• Task: Restrict the output to the lines below starting at the one that contains "Fully lined wool" and ending at the one that contains "Flower Autumn Fall", and restate them word for word, both ends included.

• Data for this task:
# # #

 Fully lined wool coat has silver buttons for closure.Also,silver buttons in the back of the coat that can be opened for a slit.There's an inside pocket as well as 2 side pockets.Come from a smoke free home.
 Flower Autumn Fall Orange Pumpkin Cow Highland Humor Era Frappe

# # #

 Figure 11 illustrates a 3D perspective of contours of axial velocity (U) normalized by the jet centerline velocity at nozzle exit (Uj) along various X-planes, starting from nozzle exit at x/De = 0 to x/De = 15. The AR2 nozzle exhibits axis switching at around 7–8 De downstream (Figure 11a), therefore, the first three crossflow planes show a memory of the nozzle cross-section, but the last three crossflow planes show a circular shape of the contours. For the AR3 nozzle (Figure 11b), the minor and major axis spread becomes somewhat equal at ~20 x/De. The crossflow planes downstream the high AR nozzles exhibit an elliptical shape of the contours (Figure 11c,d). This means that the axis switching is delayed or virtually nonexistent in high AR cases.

# # #

• Solved problem:
 Fully lined wool coat has silver buttons for closure.Also,silver buttons in the back of the coat that can be opened for a slit.There's an inside pocket as well as 2 side pockets.Come from a smoke free home.
 Flower Autumn Fall Orange Pumpkin Cow Highland Humor Era Frappe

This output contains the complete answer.